Widerquist’s research used U.S. Census Bureau data for 2015 to examine an estimated poverty-level UBI of $12,000 per adult and $6,000 per child. It also found that some 43.1 million people (including 14.5 million children) would benefit from this increased income, reducing the poverty rate from 13.5 percent of the population to zero.

The additional $539 Billion would account for less than 10% of the U.S. federal budget, even though proponents think it would be far more positively impactful than... well... pretty much everything else the government does put together. Creating a stable foundation for society is the function of government.

What I have in mind would be a refundable tax credit, which also applies for people who do not pay excess amounts in income taxes. (i.e., it would be like receiving a $X check if you have not paid any taxes)

I think this is the same idea as a Negative Income Tax. As mentioned before UBI and NIT are functionally identical and only differ in accounting terms.

I want to make it clear I'm not attempting to stretch the definition of UBI to include NIT. A Universal Basic Income is a very different mechanism from a Negative Income Tax, my point is that both policies achieve the game-changing impact of a Basic Income Guarantee (BIG).

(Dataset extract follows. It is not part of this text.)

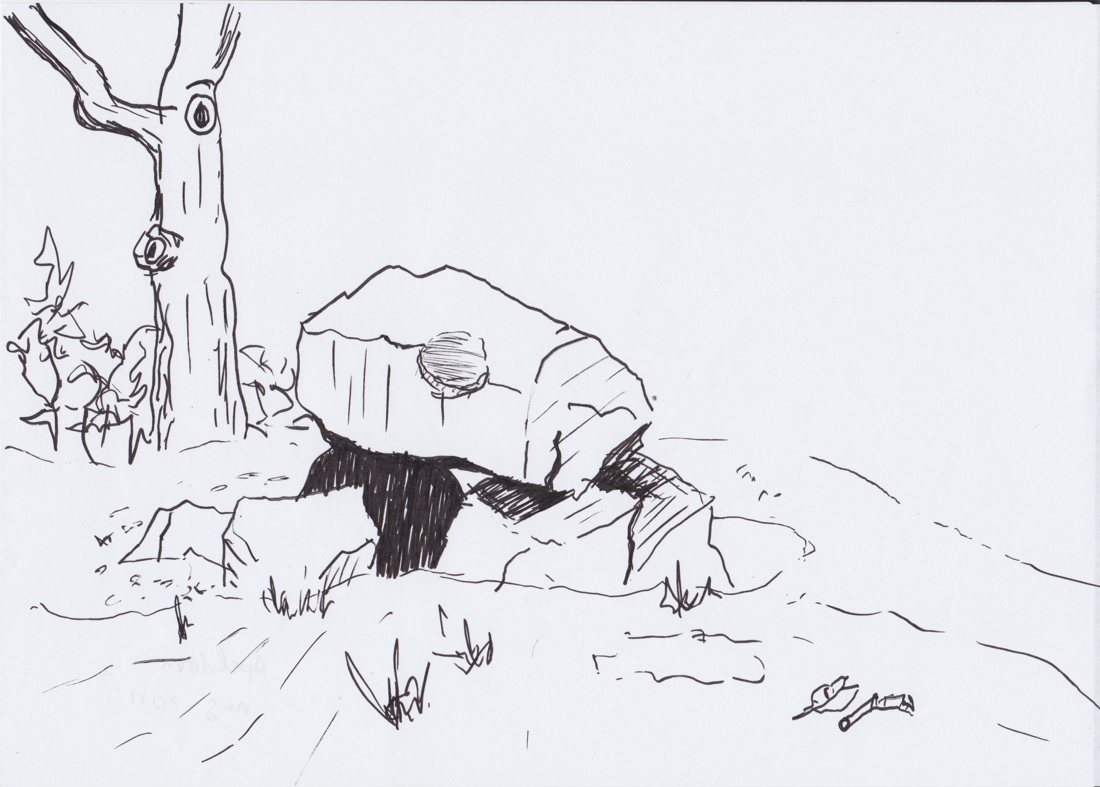 Dit is de enige stenenformatie die overgebleven is bij het dorpje Apeldorn. Een grote hond uit de onderwereld heeft een hebzuchtige boer doodgebeten die alle andere formaties verkocht heeft aan de wegenbouwers. Lees hier het complete verhaal : http://trancemissie.eu/blog/vruchtbaarheidsrituelen-bij-apeldorn/

UBI is a government policy that distributes funds to all people equally

My point here is that the government distributes those funds equally, establishes that baseline of economic stability, and that does not include how it's being paid for. GiveDirectly is running a UBI experiment where every person in Maryland Liberia will receive UBI for 3 years. The UBI is not being paid for by taxes, but by philanthropy & international aid money. Whether something is UBI or not depends on the disbursement mechanism, not on the means of funding.

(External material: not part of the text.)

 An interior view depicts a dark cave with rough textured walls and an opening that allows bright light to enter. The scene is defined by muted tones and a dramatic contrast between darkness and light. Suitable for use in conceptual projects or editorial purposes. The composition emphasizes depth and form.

From what I've seen it's incredibly likely (logical economically) that direct cash transfers - or funding guaranteed income - is the most cost-effective way to help almost all people in need philanthropically. If we can prove this claim with rigorous RTC trials, it could substantially blur the lines between paying taxes dedicated for UBI & spending money on high-impact philanthropy.

Wouldn't a rich person or organization in Maryland Liberia also want to support GiveDirectly's UBI program?